De Blasio’s decision was one of many overreactions to Minneapolis. Floyd’s killing did point to the need for some reforms in that city and some other police departments. Most Americans agreed to take a look and make the necessary changes.

It did not point to any need to “defund” or disband police departments wholesale. It did not point to the need for antifa to go on rampages, set fire to courthouses, and threaten the fabric of the nation.

To date, about two dozen Americans have died in the riots that have followed Minneapolis Mayor Jacob Frey’s incompetent reaction when protests in that city quickly turned violent.

In New York, many have died and will die because de Blasio opportunistically hampered the police department’s ability to curb crime.

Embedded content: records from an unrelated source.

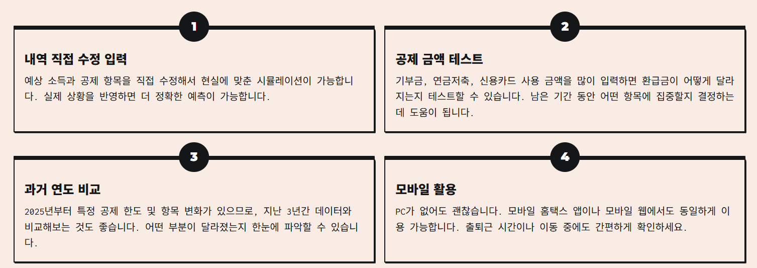 환급금이 어떻게 달라지는지 테스트 가능 - 2025년부터 특정 공제 한도 및 항목 변화가 있으므로,
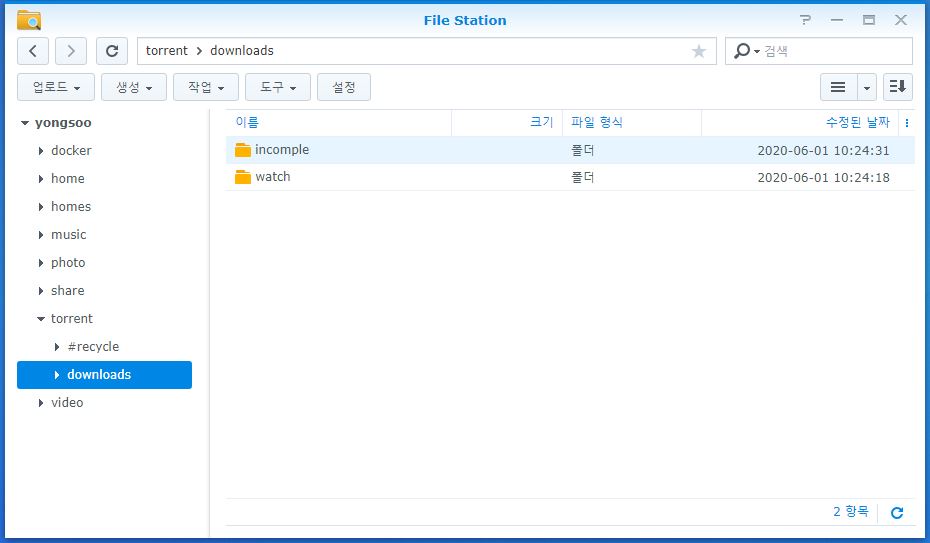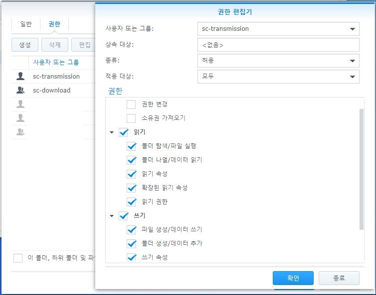 -File Station-자신이 설정한 다운로드 폴더 우클릭-속성-권한- 생성
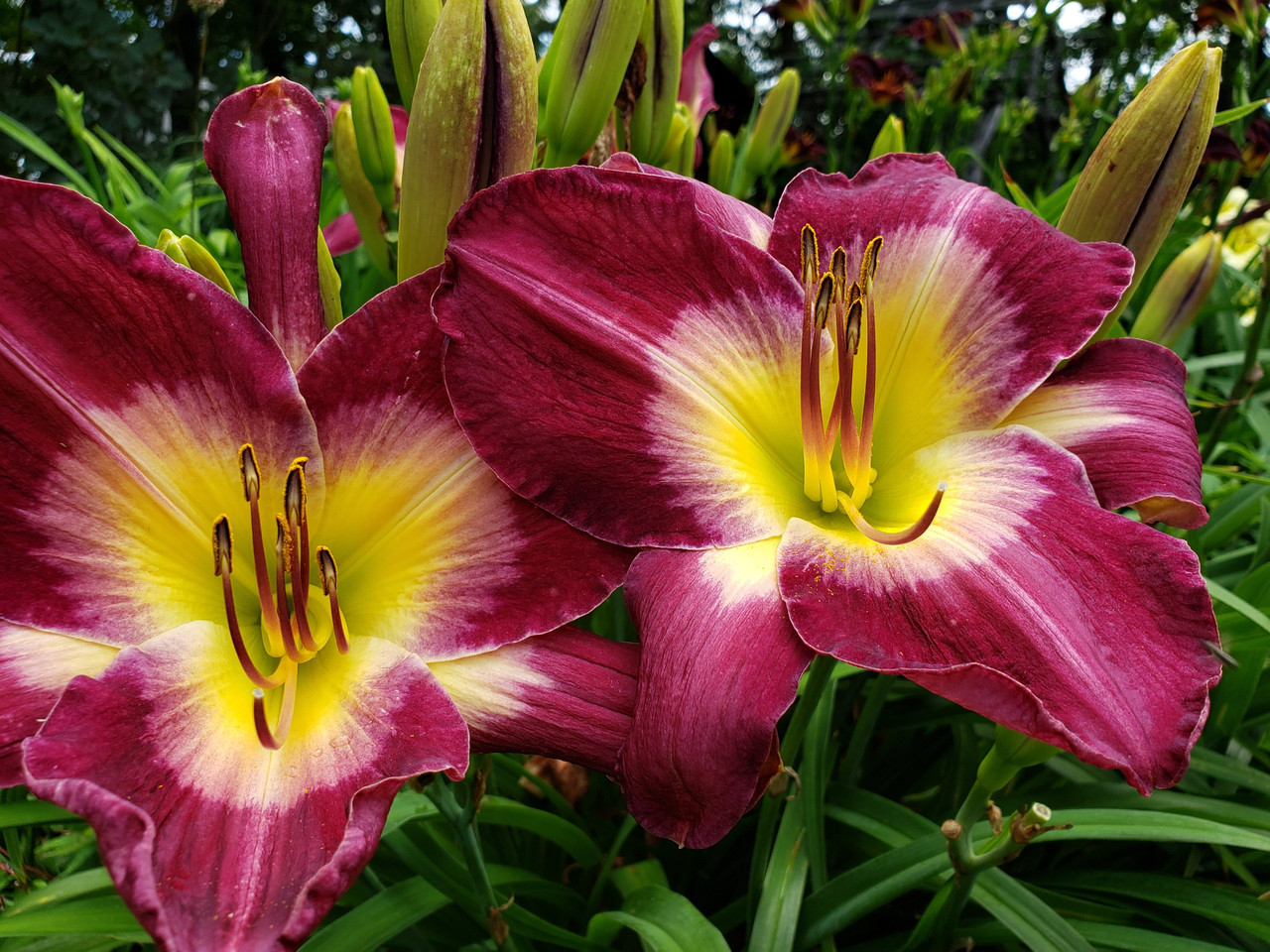 Loading... Please wait...Wine-black with chalky wine eyezone and yellow green throat. Award winner.
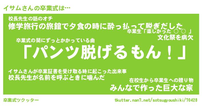 | 意味不明あだ名 | 『ペロリンイサム』『イサムフォーエバー』 |
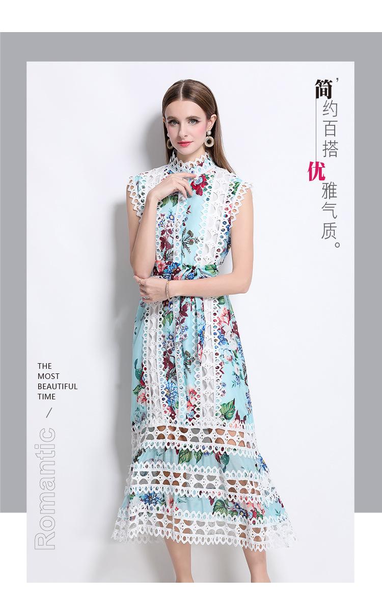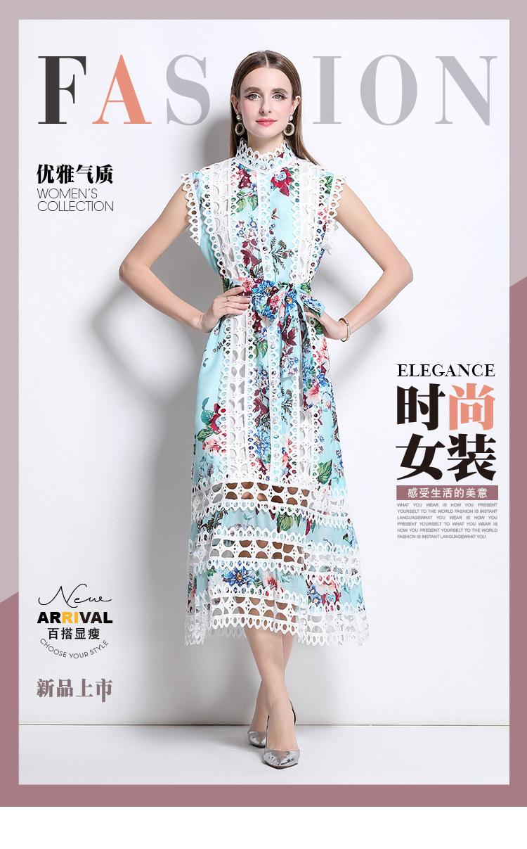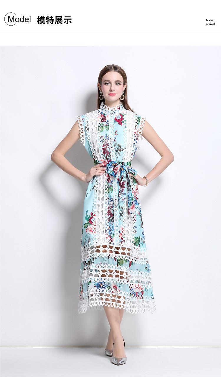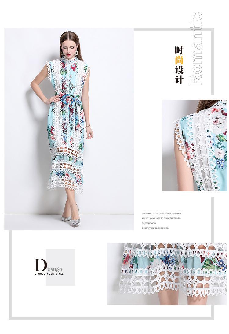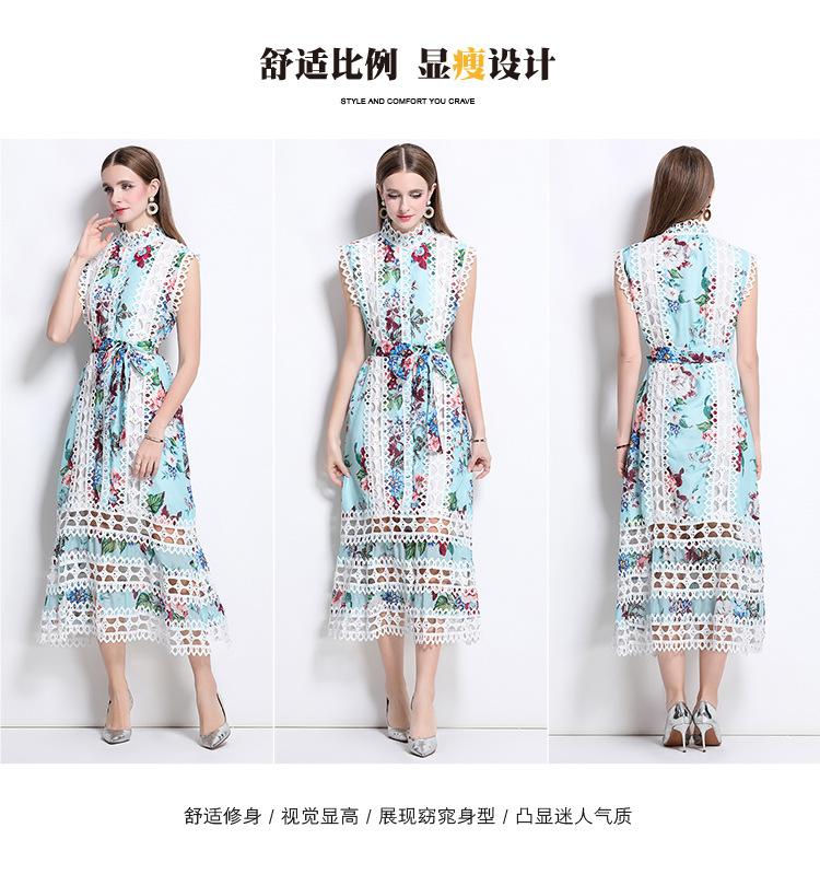 Compra Foto Real en Stock-Falda A-Line de Encaje Calado Estilo Palacio Francés Verano Vestido Slim de Cuello Alto para Mujer al por mayor en Joom.pro

New Yorker’s hearts were broken when stray bullets ended the life of teen Bronx hoops star Brandon Hendricks on June 28, and 1-year-old Brooklyn boy Davell Gardner, shot dead in his stroller on July 13 at a Brooklyn barbecue.

Weekends in New York are starting to look like weekends in Chicago.

That rampage of violence began around 11 p.m. Friday in the Bronx,  when police said a masked shooter gunned down 21-year-old Shaiquan Wilson at a gathering outside of 1741 Randall Avenue in the Bronx neighborhood of Clason Point.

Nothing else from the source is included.